Heroin is the best anesthetic there is. Surgery would be a hell of a lot more fun if heroin was administered before, during and after. Heroin is also really about as addictive as, oh, aspirin (and about as cheap to manufacture). The real reason it is illegal is that crooked law enforcement unions bribe, er, contribute to crooked politicians to keep dope illegal as sort of a welfare program for police who would otherwise be unemployed. Same shit for most illegal drugs.

Under Reagan, ketchup was classified as an anesthetic in state run hospitals. This began a major black market for illegally acquired ketchup which was later determined to be market driven by Big Tabasco.

During the great “Ketchup Is A Vegetable” controversy, the USDA Food and Nutrition Service was able to sneak the following items into the approved vegetable category: kumquats, pineapple, graham crackers, Romanians, onion-skin paper, cherry-pickers, Sargent Pepper, and Sean McPhartuccio’s honey do list.
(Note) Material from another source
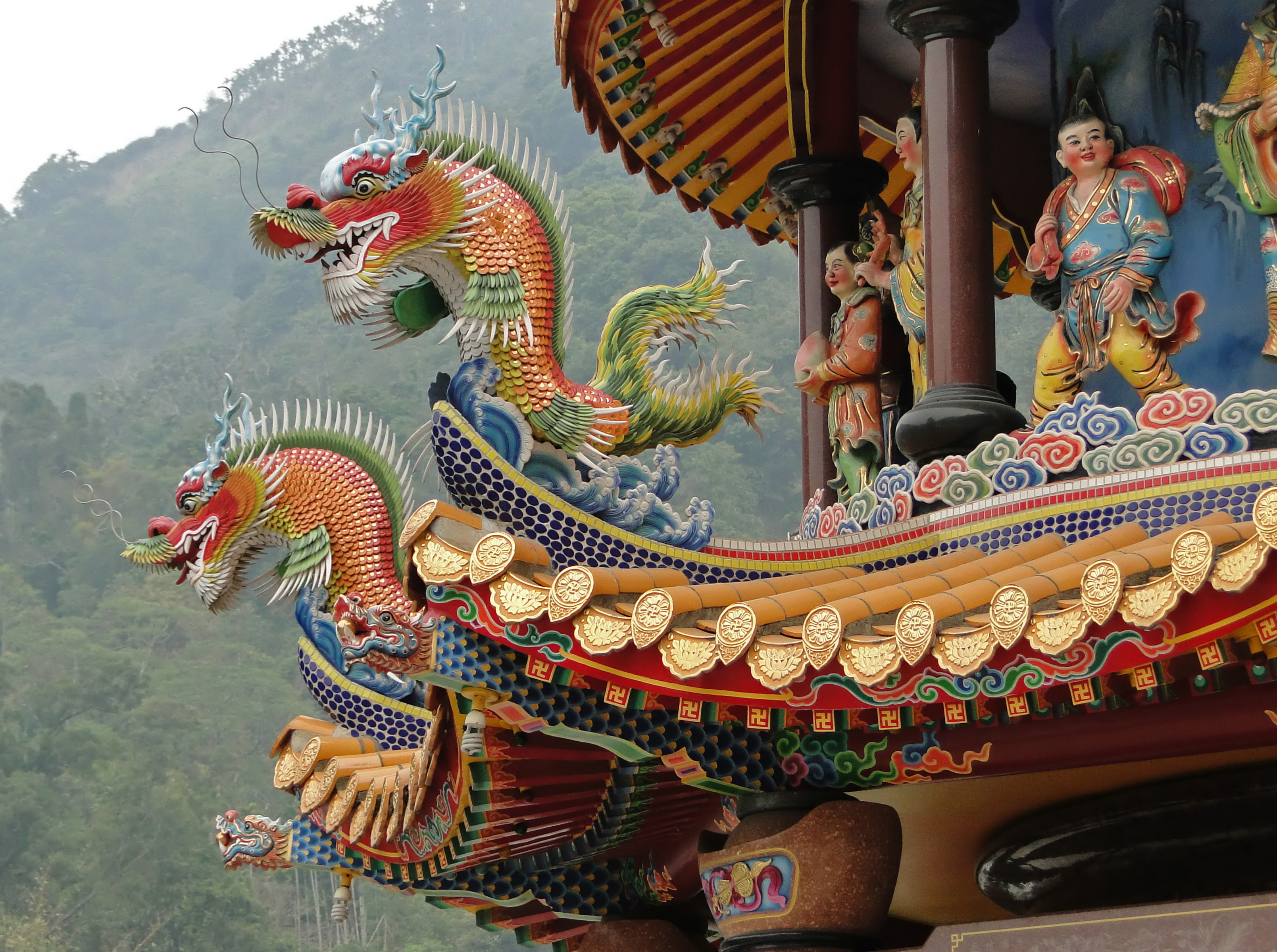 Chinese dragons at LongyinTemple in Chukou, Taiwan

Kumquats are generally considered the most intelligent fruit on the planet and the only ones that have ever developed record keeping systems, currency, or anything like a rudimentary writing. They are horribly racist, however, particularly against citrus, having at one time enslaved limes and attempted a genocide of lemons.

Orson Bean, working in concert with Sean Bean and Orson Welles, attempted to corner the world kumquat market in October 1977 but was stymied when the National Kumquat Council dumped a third of the National Kumquat Strategic Reserve on the market. The financial repercussions were still being felt six minutes later. Bean, Bean and Welles lost an estimated $4.5 billion in the fiasco.
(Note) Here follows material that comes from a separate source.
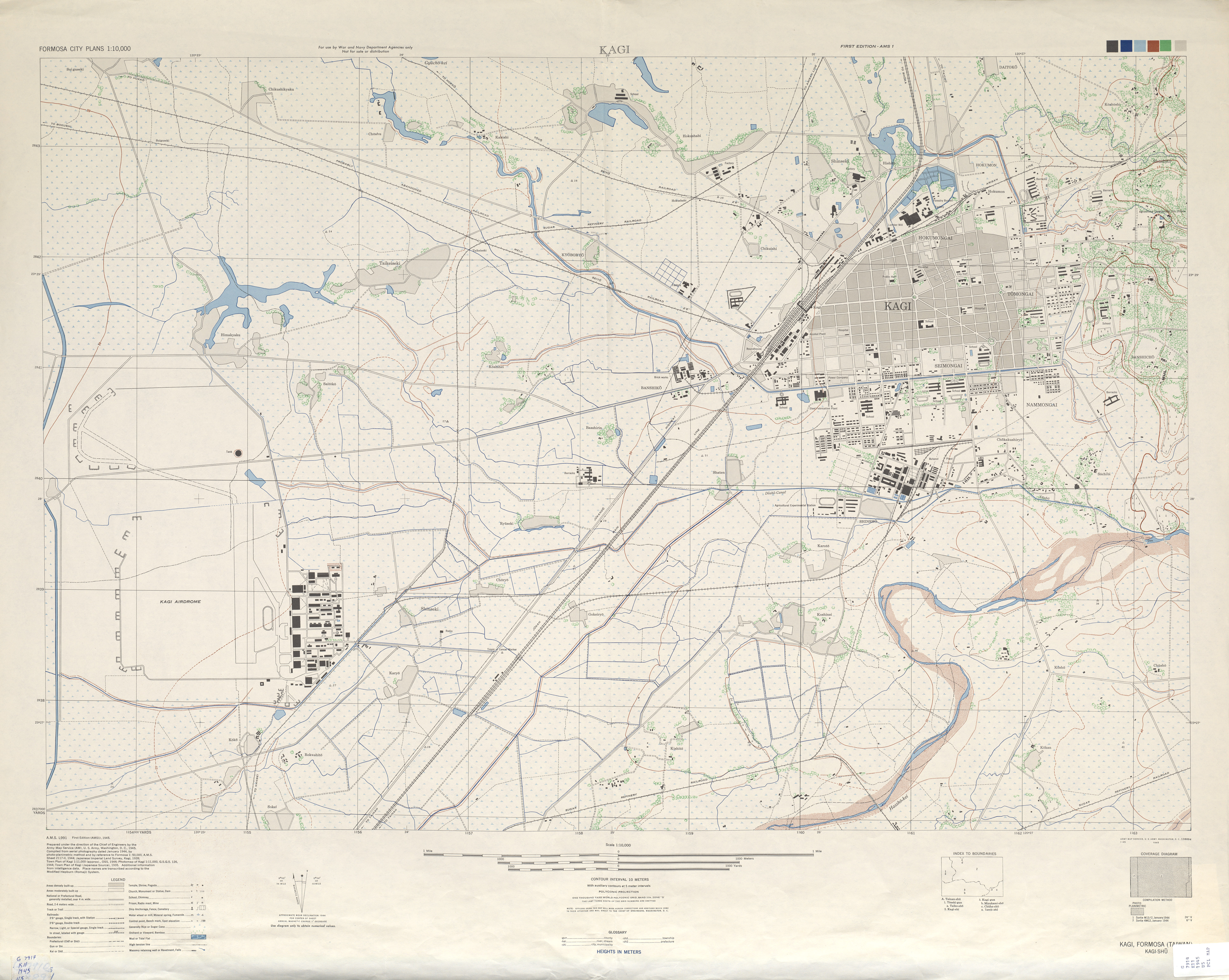 A.M.S. L991 First Edition (AMS1), 1945. Prepared under the direction of the Chief of Engineers by the Army Map Service (AM), U. S. Army, Washington, D. C., 1945. Compiled from aerial photography dated January 1944, by photo-planimetric method and by reference to Formosa 1: 50,000, A.M.S. Sheet 2117-11, 1944; Japanese Imperial Land Survey, Kagi, 1928; Town Plan of Kagi 1:11,000 (approx)., OSS, 1944; Photomap of Kagi 1:11,000, G.S.G.S. 126, 1944; Town Plan of Kagi (Japanese Source), 1935. Additional information from intelligence data. Place names are transcribed according to the Modified Hepburn (Romaji) System.

At the time of his death Orson Welles was preparing to join the cast of FACTS OF LIFE as Edna Garrett’s new love interest, Titus Andronicus “Booger” McFarqhar, a rival pastry chef and passionate motorcycle enthusiast and pederast.

William Shakespeare wrote Titus Andronicus in just six days while vacationing in Phartuccio Bay, Cornwall. An early draft of the manuscript shows that he considered several other titles: Titus and the Pirate’s Daughter, Will People Still Argue Who Wrote My Plays Hundreds of Years from Now?, and An Infinite Number of Monkeys and An Equal Number of Typewriters from Verona.

After “solving” the Jack the Ripper case by using DNA on an old envelope, so-called writer Patricia Cornwall is now working on a book that uses DNA to “solve” the murders of Nicole Brown Simpson and Ron Goldman.

Jack the Ripper was actually three men and a woman working as a conspiracy. Oscar Wilde planned the murders, and H. G. Wells and A. Conan Doyle committed the actual acts. The woman, Nellie Bly, wrote the letters. The reason for their acts, according to Wilde’s secret coded diary, was that life was dull.

Patricia Cornwall claims that her crime solving and writing skills come from being a direct descendant of Oscar Wilde, H. G. Wells, A. Conan Doyle and Mary Wollstonecraft Shelley.

Wollstonecraft is an old tradition of whalers, who would carve intricate pictures on beach pebbles and then imbed crushed boll weevils into the etched outlines in order to create the illusion of bas relief art.

Art critics spdismissed Wollestonecraft because they thought it was disrespectful to actual bas relief, inspiring the saying “we are all about that bas, about that bas, no pebble”.

Mary Wollstonecraft (née Godwin) Shelley, the author of Frankenstein, wrote that novel as part of a four-way challenge with her husband, Percy, Lord Byron, and Dr. John Polidori. The doctor’s offering, The Vampyre, was translated into Spanish as El Sampiro.

(cont.)

In the novel, Sampiro is killed by the heir to the Elendil fortune for running his mouth too many times, employing really bad puns. The novel never received a second printing, being suppressed by the Catholic Church in order to spare Elendil being burned at the stake for murder.

Despite the Catholic Church’s efforts in his behalf, Elendil was later tried and convicted for the attempted murder of a yellow dog journalist who insisted on hogging the editorial page with multiple adjacent articles on the same day.

Elendil spoke in his own defense at his trial, but did not garner any favor with the jury when his entire statement consisted of “Bite me”.